Stock Markets March 6, 2026

Why the Move Away From U.S. Stocks Has Paused for Now

Barclays says de-risking since the Middle East escalation has been orderly and U.S. assets show relative resilience

By Avery Klein
Why the Move Away From U.S. Stocks Has Paused for Now

Barclays strategists say recent market de-risking after an uptick in Middle East tensions has been measured rather than panicked. Weakness has been concentrated in regions more sensitive to energy price rises, while U.S. markets have held up, prompting a pause in the rotation away from American assets.

Key Points

  • De-risking by investors since the Middle East escalation has been orderly, with limited signs of broad-based panic selling.
  • Market weakness has been concentrated in regions such as Europe, Japan, and emerging markets, which are more exposed to rising energy prices.
  • U.S. assets have shown relative resilience, pausing a broader rotation away from American equities; the S&P 500 has been relatively stable and the Vix has not spiked significantly.

The recent escalation of conflict in the Middle East has prompted investors to reduce exposure to riskier assets, but Barclays strategists report that the response so far has been orderly rather than panic-driven.

In a note to clients on Friday, Barclays strategist Emmanuel Cau observed that while market participants have been trimming risk positions, "the de-risking remains orderly with little evidence of broad-based panic selling so far." The firm identifies the bulk of equity weakness outside the United States, concentrated in markets that had previously outperformed and that are more vulnerable to rising energy costs.

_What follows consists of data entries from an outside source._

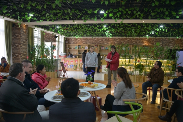 12月24日下午,我院在“微时光”咖啡厅为外籍教师举办了圣诞节联欢会,中外师生在温暖愉快的氛围中庆祝了西方最传统的节日——圣诞节。外语系主任罗德喜,院长办公室副主任张富庄,外事办公室秘书芦金凤及来自于美国、英国和澳大利亚的四名外籍教师,外语系部分师生代表参加了圣诞联欢会。
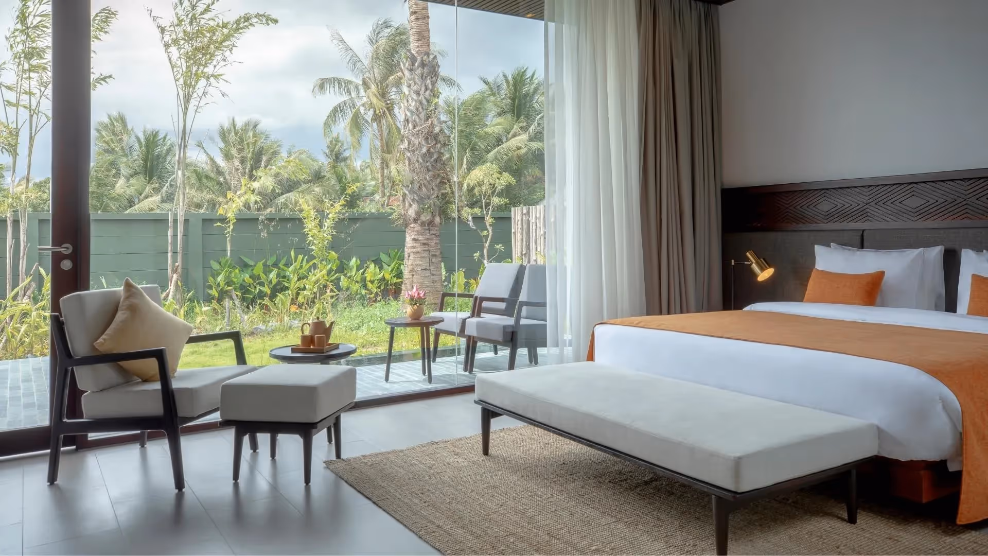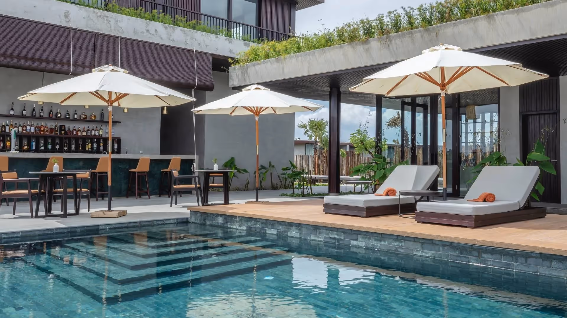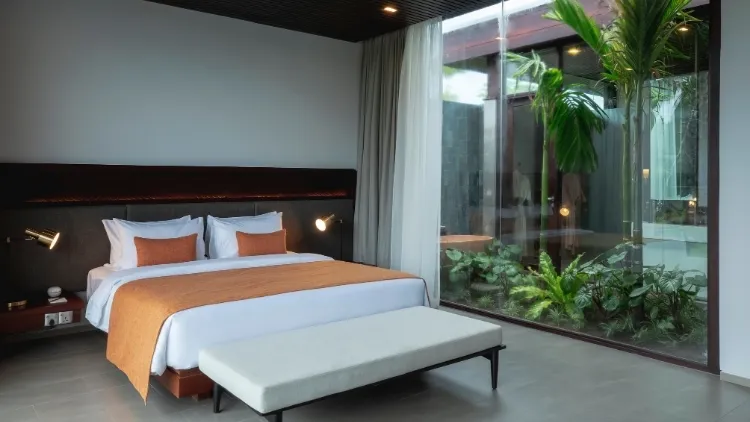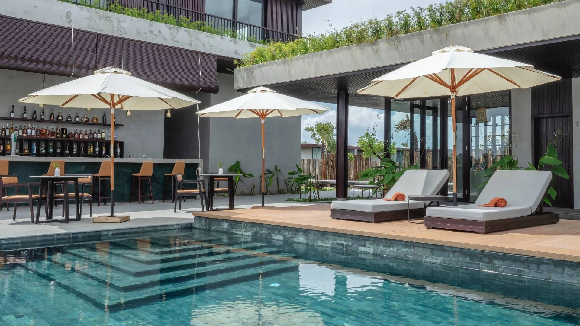 Die 25 Poolvillen zeichnen sich durch ein schlichtes Design mit Holzelementen und lebendigen Farbtupfern aus, das ihre elegante Atmosphäre unterstreicht. Umgeben von tropischem Grün können Sie im privaten Atrium in der Badewanne entspannen oder auf den Sonnendecks unter freiem Himmel die Sonne genießen. Ein besonderes Highlight ist das kostenlose Frühstück, das Ihnen direkt im Zimmer serviert wird – sogar schwimmend im Pool.
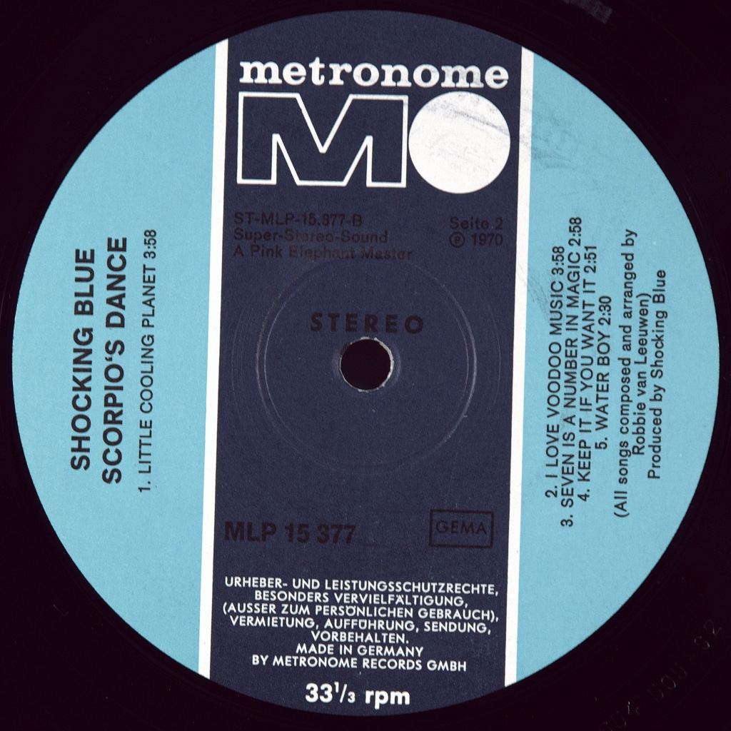 SHOCKING BLUE-SCORPIO'S DANCE-1970-ПЕРВЫЙ ПРЕСС GERMANY-METRONOME-MLP 15.377. Очень редкий германский оригинал культового альбома. Scorpio’s Dance — третий студийный альбом голландской рок-группы Shocking Blue, выпущенный в 1970 году на лейбле Pink Elephant. В этом альбоме группа решила поэкспериментировать с кантри и американой (в треках «Alaska Country» и «Sally Was a Good Old Girl»), сохраняя при этом свою ро́ковую направленность. Несмотря на растущую популярность группы, пластинка не пользовалась популярностью в США

Barclays highlighted that "equity market weakness has been concentrated in regions like Europe, Japan, and EM," and pointed to those regions' greater exposure to higher energy prices as a key factor in their recent underperformance. By contrast, U.S. assets have shown relative resilience amid the geopolitical shock, leading to a pause in a wider shift away from American markets.

The note explicitly stated that "Sell America and rotation toward RoW equity markets has paused given the lower sensitivity of US assets to energy costs." Barclays also noted that the benchmark S&P 500 has remained relatively stable in the period since the conflict escalated, and that measures of market volatility have not jumped sharply.

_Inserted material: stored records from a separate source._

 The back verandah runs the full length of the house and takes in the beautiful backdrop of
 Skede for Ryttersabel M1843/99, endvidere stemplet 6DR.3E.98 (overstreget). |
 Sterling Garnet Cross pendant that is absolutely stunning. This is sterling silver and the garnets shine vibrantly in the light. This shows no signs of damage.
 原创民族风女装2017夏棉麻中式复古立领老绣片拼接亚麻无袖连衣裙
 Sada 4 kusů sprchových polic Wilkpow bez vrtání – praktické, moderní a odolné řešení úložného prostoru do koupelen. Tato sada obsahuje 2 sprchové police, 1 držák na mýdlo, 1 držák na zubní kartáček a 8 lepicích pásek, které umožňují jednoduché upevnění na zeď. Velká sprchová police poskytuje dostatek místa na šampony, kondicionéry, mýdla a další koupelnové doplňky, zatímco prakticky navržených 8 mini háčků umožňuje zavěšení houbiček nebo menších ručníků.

As the analysts put it, "S&P500 is barely down on the week and Vix hasn’t spiked much," which they interpret as limited evidence so far that the conflict will have a broad market impact. Barclays nevertheless cautioned that the current oil price spike could be temporary, while acknowledging elevated risk if the conflict endures.

On that point, the firm warned that "the longer the conflict persists, the greater stagflation risk, especially for energy-dependent regions outside the US." The strategists also reminded clients that, historically, geopolitical shocks have often created buying opportunities after initial disruption: "Past geopolitical shocks, while disruptive for markets in the near term, mostly offered good medium-term buying opportunities."


Context and implications

Barclays' assessment frames the current market response as cautious and targeted rather than indiscriminate. The key takeaways are that regions more exposed to energy costs have borne the brunt of weakness, U.S. equity markets have been less affected to date, and volatility metrics have not shown a large spike. At the same time, the firm underscores that a prolonged conflict would raise stagflation risks for energy-dependent economies outside the United States.

Risks

  • If the conflict endures, the oil price spike could persist and increase stagflation risk, particularly for energy-dependent regions outside the United States - impacting energy, industrials, and export-oriented sectors in those regions.
  • Concentrated weakness in regions that had previously outperformed could lead to further volatility in Europe, Japan, and emerging market equities if energy costs continue to rise - affecting regional banks, exporters, and commodity-linked industries.